Yeadon takes readers into the heart and ways of Aliano, an old hilltop village in the region known as Basilicata, way down south. Not quite as “remarkably unexplored” as Yeadon would have it—the settlement can trace its roots back to the sixth-century b.c.—it’s still a wild place, not without its pagan aspects, full of the unexpected, the troubling, the wonderful. What was that howl he heard when the moon was full, that rustling in the deserted rooms of a rain-racked ghost town, and who was that ancient woman who got his broken-down car to start one night by a laying of hands on the motor?
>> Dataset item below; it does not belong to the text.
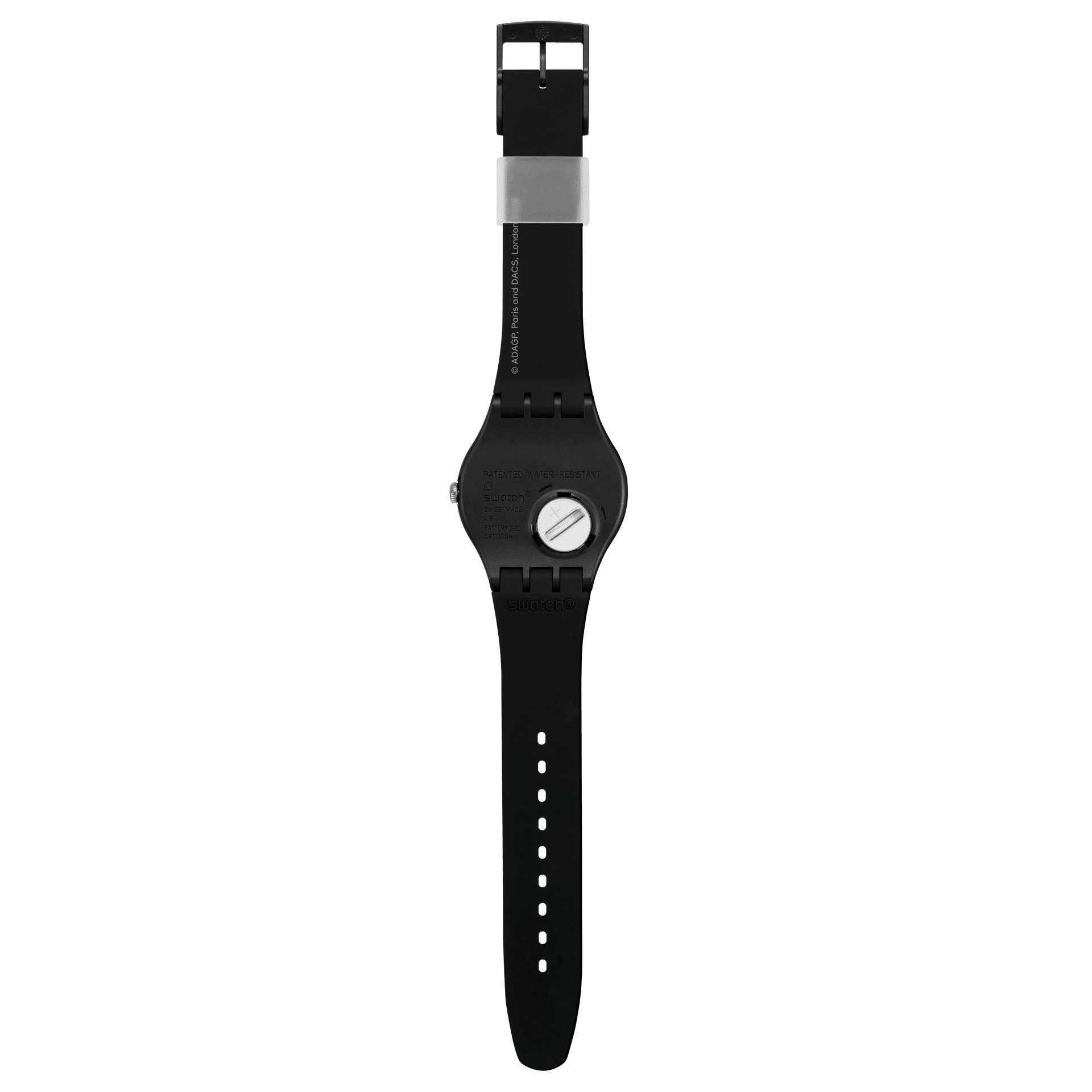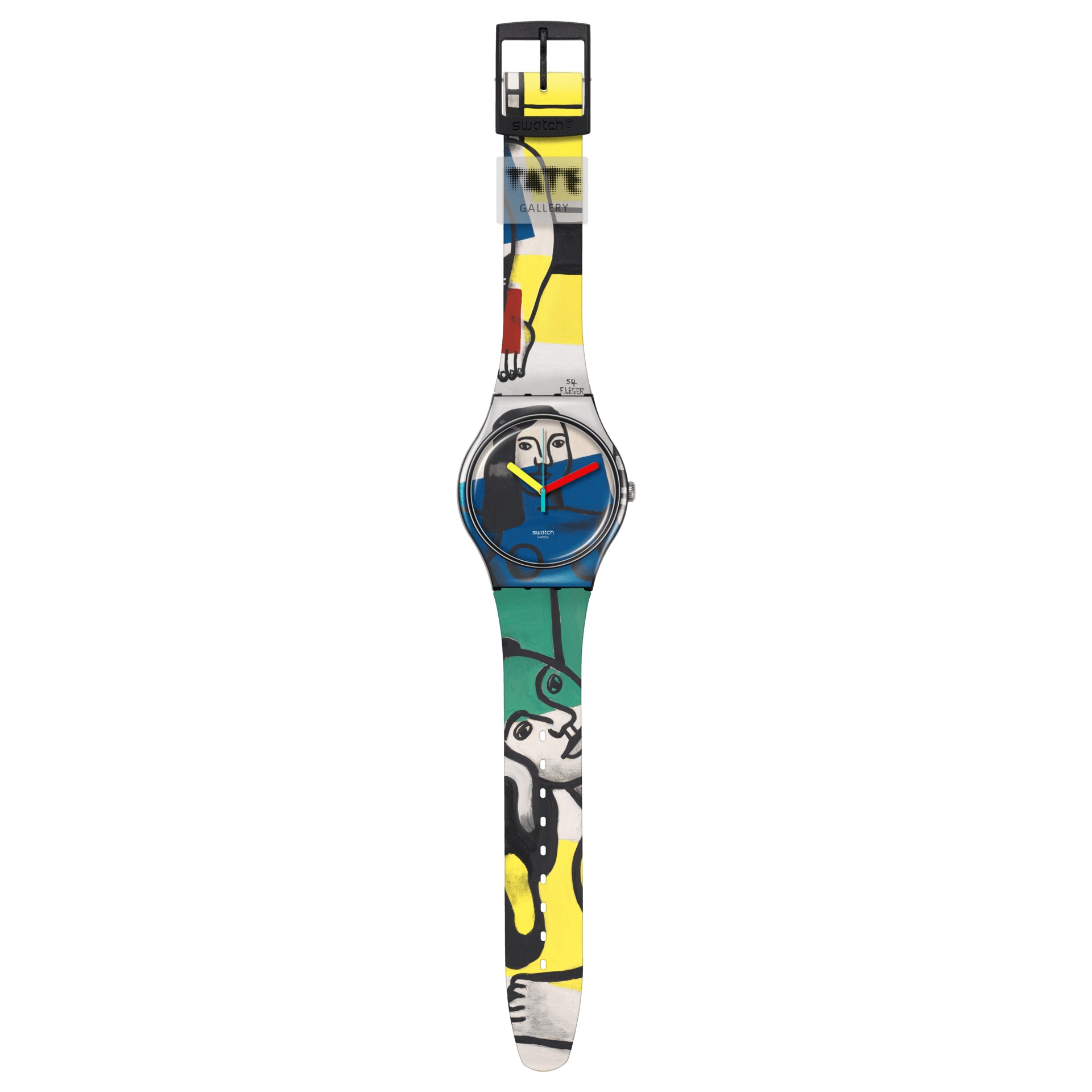 Questo orologio della Swatch x Tate Gallery Collection presenta una stampa dell'opera d'arte Two Women Holding Flowers (Due donne con fiori in mano) di Fernand Léger sul quadrante e cassa e cinturino neri opachi. La lancetta delle ore gialla, quella dei minuti rossa e quella dei secondi verde mostrano l'ora. Il passante trasparente opaco è stampato con il logo della Tate Gallery.
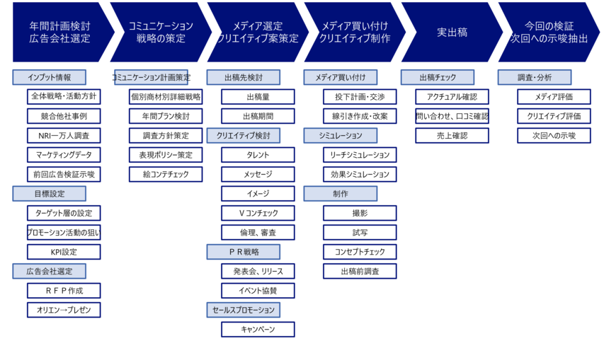 コミュニケーション戦略(策定-立案-実施-検証) 業務フロー(一般的な例をベース)

For insights into the mysteries of the place, Yeadon turns frequently to the writings of Carlo Levi, the anti-fascist author of Christ Stopped at Eboli, who was sent into internal exile in Aliano by Mussolini. But he also consults a fine company of locals, from the maker of excellent bricks to the seller of excellent sardines and the men and women with a hand for cooking. They tell him stories, they explain a widow’s obligations, they usher him, haltingly, into the archaic and animistic. Yeadon will visit, and describe in leisurely detail, cave dwellings, a cathedral from the 13th century, and a handful of improbable hilltop villages; he will eat wild-boar stew, and he will find a town “still mysterious and elusively tied to a darker age and deeper pagani touchstones of knowledge and belief.” Remarkably, for Yeadon is practically defined by his restlessness, Aliano makes him sit awhile and feed his many interior selves.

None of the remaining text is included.